» The task: Restate verbatim the span of lines below between the line with "총매출액에서 고객환급금 72%와" and the line with "锅留底油,倒入鸡丁,小火炒至变色,再倒入胡萝卜丁、青椒丁 ,翻炒片刻 ,放半勺盐", including those two lines, and only that span.

[Collected data entries]
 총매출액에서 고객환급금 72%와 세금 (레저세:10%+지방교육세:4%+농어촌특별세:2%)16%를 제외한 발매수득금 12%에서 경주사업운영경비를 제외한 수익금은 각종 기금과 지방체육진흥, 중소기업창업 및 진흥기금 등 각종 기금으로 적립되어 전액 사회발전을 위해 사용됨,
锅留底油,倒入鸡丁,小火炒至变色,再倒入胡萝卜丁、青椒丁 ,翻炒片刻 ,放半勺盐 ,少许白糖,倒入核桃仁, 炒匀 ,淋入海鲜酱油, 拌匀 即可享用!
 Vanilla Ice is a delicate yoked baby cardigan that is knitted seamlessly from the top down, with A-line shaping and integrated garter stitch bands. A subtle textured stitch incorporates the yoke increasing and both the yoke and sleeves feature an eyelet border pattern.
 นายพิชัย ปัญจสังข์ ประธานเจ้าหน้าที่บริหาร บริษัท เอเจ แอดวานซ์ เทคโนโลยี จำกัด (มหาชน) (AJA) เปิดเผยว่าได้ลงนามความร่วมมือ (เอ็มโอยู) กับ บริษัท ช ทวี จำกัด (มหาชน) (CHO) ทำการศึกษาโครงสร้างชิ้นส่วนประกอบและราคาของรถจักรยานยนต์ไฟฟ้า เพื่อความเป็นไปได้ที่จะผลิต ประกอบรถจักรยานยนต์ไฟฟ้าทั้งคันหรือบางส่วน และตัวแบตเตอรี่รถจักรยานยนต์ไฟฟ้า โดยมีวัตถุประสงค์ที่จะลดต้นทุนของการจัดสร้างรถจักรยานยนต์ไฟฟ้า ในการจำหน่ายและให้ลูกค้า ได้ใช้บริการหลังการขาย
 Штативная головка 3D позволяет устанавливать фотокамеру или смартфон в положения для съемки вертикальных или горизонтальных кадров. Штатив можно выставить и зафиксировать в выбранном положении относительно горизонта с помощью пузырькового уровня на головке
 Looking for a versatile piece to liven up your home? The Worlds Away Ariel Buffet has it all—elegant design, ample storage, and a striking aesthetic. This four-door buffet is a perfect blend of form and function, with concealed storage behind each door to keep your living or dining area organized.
...
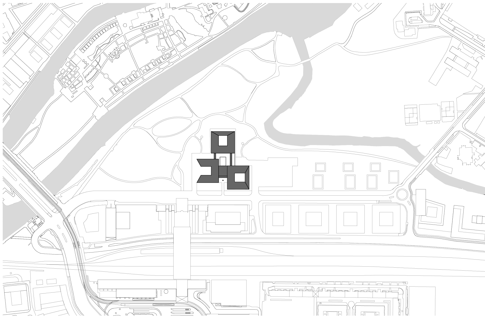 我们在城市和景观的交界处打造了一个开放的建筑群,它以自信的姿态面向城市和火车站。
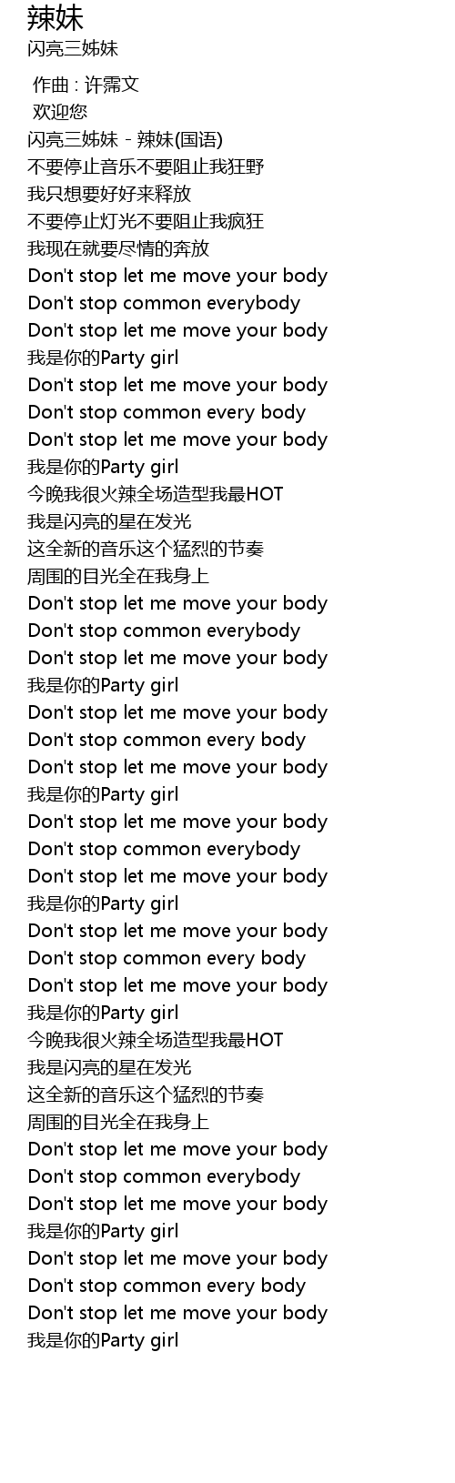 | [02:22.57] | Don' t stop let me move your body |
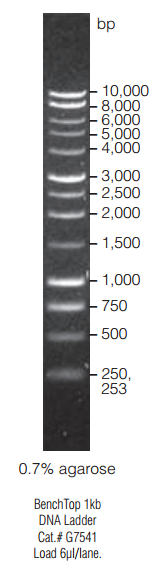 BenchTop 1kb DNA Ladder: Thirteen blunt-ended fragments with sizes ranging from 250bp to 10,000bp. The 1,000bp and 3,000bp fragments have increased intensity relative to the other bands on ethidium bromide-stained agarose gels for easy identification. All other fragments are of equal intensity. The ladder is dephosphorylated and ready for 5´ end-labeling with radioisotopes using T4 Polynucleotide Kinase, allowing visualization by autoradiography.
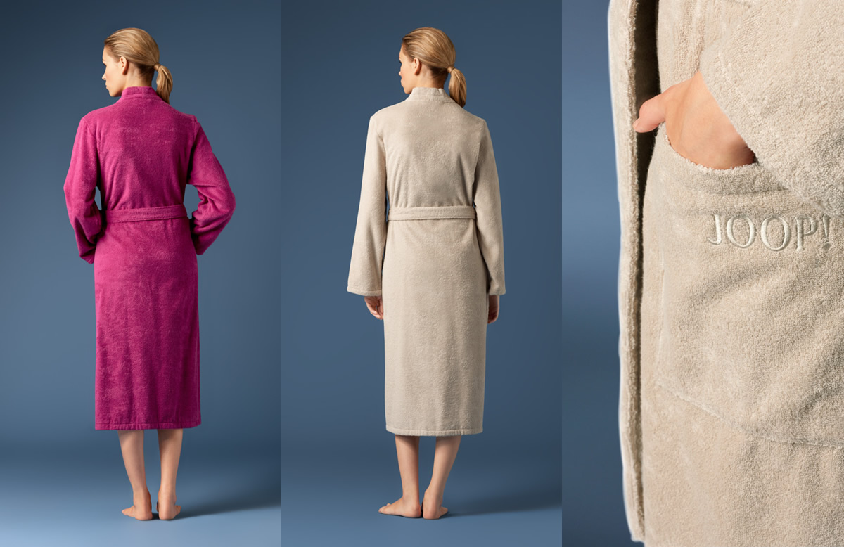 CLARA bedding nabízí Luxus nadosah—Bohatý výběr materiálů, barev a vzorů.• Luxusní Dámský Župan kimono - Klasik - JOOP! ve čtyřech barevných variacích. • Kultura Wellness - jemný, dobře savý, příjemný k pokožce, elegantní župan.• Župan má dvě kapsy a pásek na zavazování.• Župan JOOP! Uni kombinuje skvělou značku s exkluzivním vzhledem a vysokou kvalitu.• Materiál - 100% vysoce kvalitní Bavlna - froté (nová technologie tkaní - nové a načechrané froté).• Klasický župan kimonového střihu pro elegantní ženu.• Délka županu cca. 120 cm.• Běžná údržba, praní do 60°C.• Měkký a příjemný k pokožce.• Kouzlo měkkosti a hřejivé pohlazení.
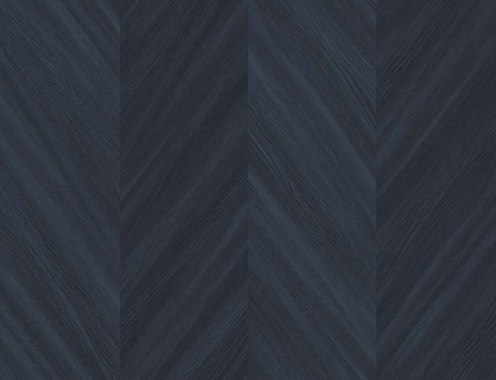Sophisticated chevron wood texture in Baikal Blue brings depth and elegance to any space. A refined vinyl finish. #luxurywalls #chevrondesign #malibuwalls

» Exercise result:
 총매출액에서 고객환급금 72%와 세금 (레저세:10%+지방교육세:4%+농어촌특별세:2%)16%를 제외한 발매수득금 12%에서 경주사업운영경비를 제외한 수익금은 각종 기금과 지방체육진흥, 중소기업창업 및 진흥기금 등 각종 기금으로 적립되어 전액 사회발전을 위해 사용됨,
锅留底油,倒入鸡丁,小火炒至变色,再倒入胡萝卜丁、青椒丁 ,翻炒片刻 ,放半勺盐 ,少许白糖,倒入核桃仁, 炒匀 ,淋入海鲜酱油, 拌匀 即可享用!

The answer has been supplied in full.